Design Puzzle: Doors for a Wide Angle Corner

Cabinetmakers discuss solutions to an interesting design puzzle: doors that meet at the outside corner of an irregularly shaped island cabinet. August 16, 2012

Question
To mesh with the angular theme of a kitchen, we will be building an island with mirrored corners that sweep 120 degrees. We envision plain no-drawer two-door corner cabinets, with paired doors hinged outboard, meeting at a center stile (or no stile). We've sketched a way to do this, but are certainly looking for alternatives. The images below show the plan view, a rendering, and a view of a model depicting a carcass makeup.

The five-sided front center stile is a glue-up of three milled pieces, or is sawn from a single larger blank. Pocket screws help fix the stile to the deck and top, driven from top and bottom. A single adjustable shelf is shown. A 1/4" back is glued and stapled on at the rear.
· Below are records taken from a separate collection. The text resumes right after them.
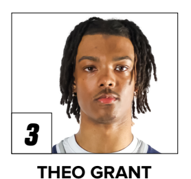
JUNIOR GUARD 6-3 | 170 | Schertz, Texas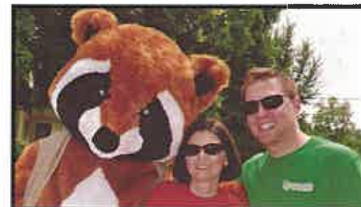
Above—J B Raccoon, the mascot for Jeffers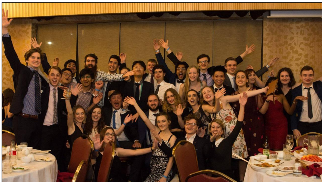
The UQDS Australian Intersvarsity Debating Championships Contingent, Sydney, 2019

The first major tournament of the year, The Australian Intersvarsity Debating Championships, emphasises debating development and is typically the first major competition new debaters will attend. Approximately, 250 debaters attend from across the country. The UQDS has historically been highly successful at this competition, consistently qualifying teams for finals rounds and in 2018, reaching the Quarter-Finals. In 2020, UQ will send 28 debaters to this competition, hosted in Canberra by the Australian National University.

Click here for higher quality, full size image


Click here for higher quality, full size image


Click here for higher quality, full size image

Forum Responses
(Cabinetmaking Forum)
From contributor I:
How about taking one larger door instead of two smaller doors, cutting it down the middle, and gluing it back together at 120 degrees so that the one larger door wraps both sides of the cabinet? It will look cleaner and you can delete the center filler in the cabinet.



From contributor G:
That's a big door with a big swing. Drop the center stile and have miters on the doors where they meet.



From contributor B:
If I'm understanding it correctly, the doors would be hinging on the 90-degree corners so standard hinges would work fine. One you could just have the doors meet on the 120-degree apex by mitering the edges, giving full access to the cabinet without an interfering stile.


From the original questioner:
We'll go with the two doors, lose the center stile post, bevel the edges of the doors where they meet, and leave a 3mm margin. Basically, the same 3mm margin we see in any frameless two-door wall cabinet.


From contributor B:
You might need some reinforcement on top to support countertop weight, but I don't think it'll be much of a trick. If I was worried, I'd rout in and epoxy a hunk of rectangular tubing or flat steel strap back into the main part of the island that would cantilever into the top of this case and add stiffness, or, as mentioned above, put a corner post behind the plane of the doors.